EXERCISE OBJECTIVE – Would you reproduce the whole listing exactly, minus its images?

+++ INPUT DATA

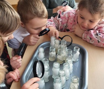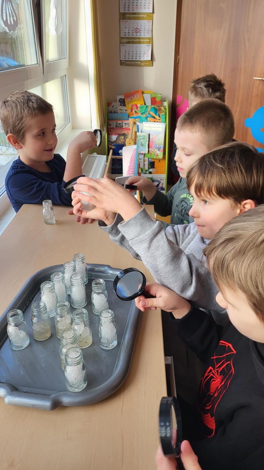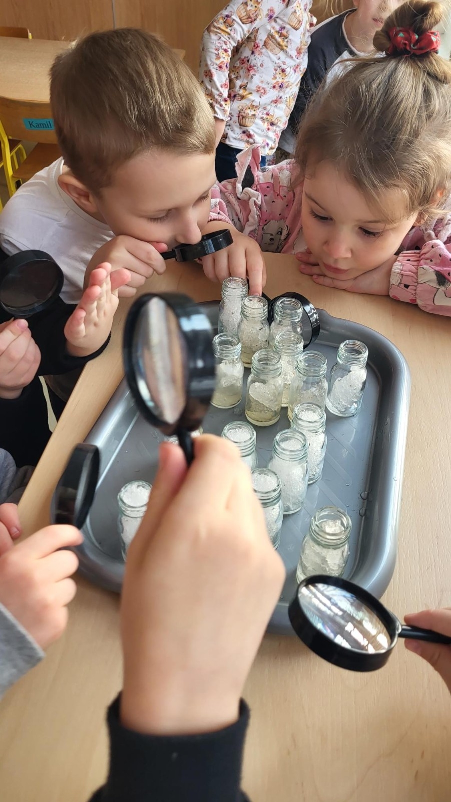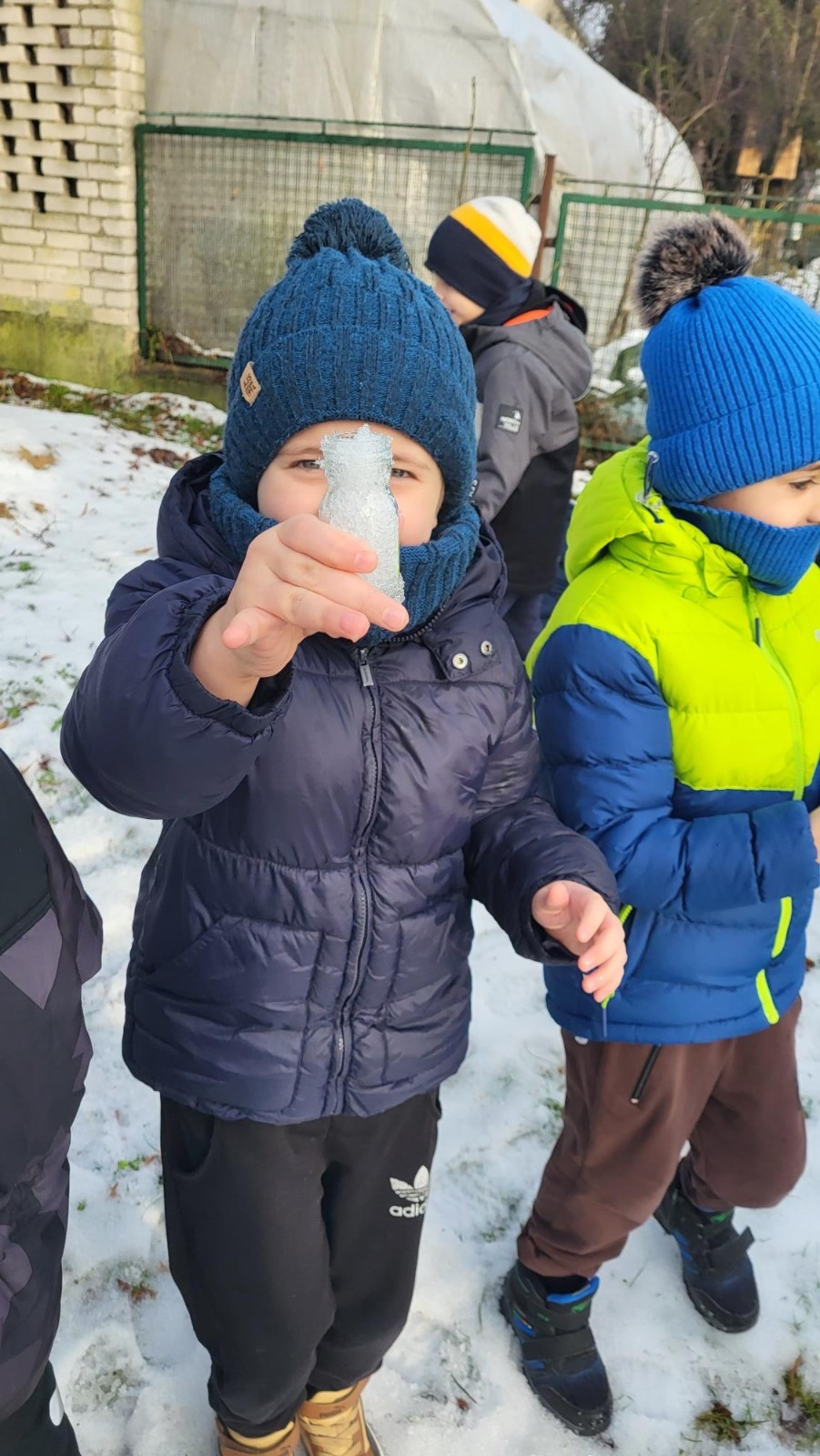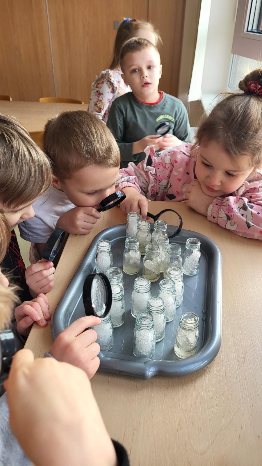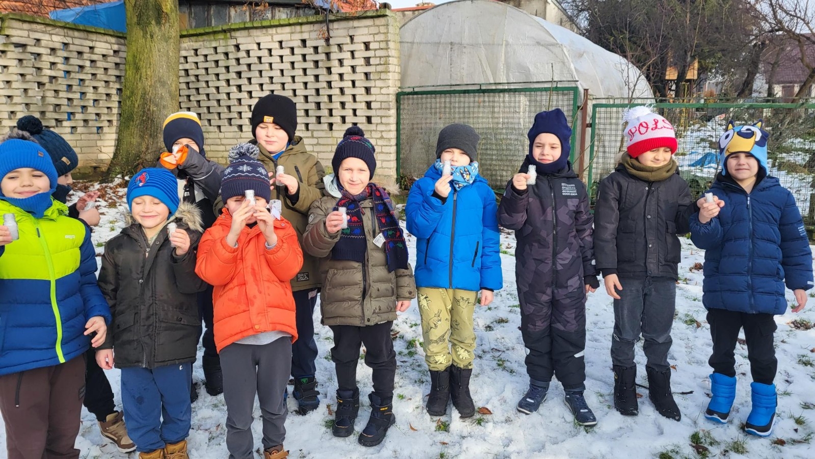 W tym celu udały się do przedszkolnego ogrodu , aby zebrać materiał badawczy czyli lód i śnieg. Pierwszy eksperyment dotyczył obserwacji procesu topnienia śniegu i lodu. Wystarczyło zebrać trochę śniegu i lodu do przezroczystych pojemników i umieścić w sali o temperaturze pokojowe. Dzieci obserwowały, jak szybko śnieg i lód topnieją. Zabawy badawcze to nie tylko sposób na spędzenie czasu na świeżym powietrzu, ale także doskonała okazja do nauki i rozwijania pasji do nauk przyrodniczych. Zachęcają dzieci do zadawania pytań, eksperymentowania oraz odkrywania świata wokół siebie, co jest kluczowe dla ich rozwoju intelektualnego i emocjonalnego
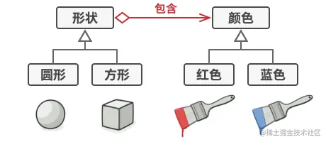 ⚡抽象对象控制着实体的形状,并将颜色相关的工作委派给连入的实现对象。
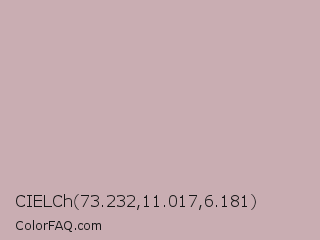 CIELCh 73.232,11.017,6.181 Color is a light red color and the nearest color is Silver Pink #c4aead. Hex code #c9adb2 and RGB value is rgb(201,173,178). In RGB color space, this color is composed of 79% red, 68% green, 70% blue, In CMYK color space, this color is composed of 0% cyan, 14% magenta, 11% yellow , 21% black , In HSL color space, this color has a hue angle of 349° , 21% saturation and 73% lightness.
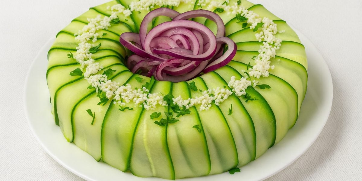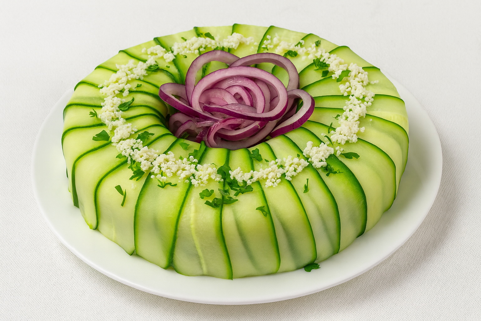 Аккуратно вынуть стакан, накрыть верх огуречными пластами, а в центр выложить маринованный красный лук.

++++++

SOLUTION TO THE PROBLEM –
 W tym celu udały się do przedszkolnego ogrodu , aby zebrać materiał badawczy czyli lód i śnieg. Pierwszy eksperyment dotyczył obserwacji procesu topnienia śniegu i lodu. Wystarczyło zebrać trochę śniegu i lodu do przezroczystych pojemników i umieścić w sali o temperaturze pokojowe. Dzieci obserwowały, jak szybko śnieg i lód topnieją. Zabawy badawcze to nie tylko sposób na spędzenie czasu na świeżym powietrzu, ale także doskonała okazja do nauki i rozwijania pasji do nauk przyrodniczych. Zachęcają dzieci do zadawania pytań, eksperymentowania oraz odkrywania świata wokół siebie, co jest kluczowe dla ich rozwoju intelektualnego i emocjonalnego
 ⚡抽象对象控制着实体的形状,并将颜色相关的工作委派给连入的实现对象。
 CIELCh 73.232,11.017,6.181 Color is a light red color and the nearest color is Silver Pink #c4aead. Hex code #c9adb2 and RGB value is rgb(201,173,178). In RGB color space, this color is composed of 79% red, 68% green, 70% blue, In CMYK color space, this color is composed of 0% cyan, 14% magenta, 11% yellow , 21% black , In HSL color space, this color has a hue angle of 349° , 21% saturation and 73% lightness.
 Аккуратно вынуть стакан, накрыть верх огуречными пластами, а в центр выложить маринованный красный лук.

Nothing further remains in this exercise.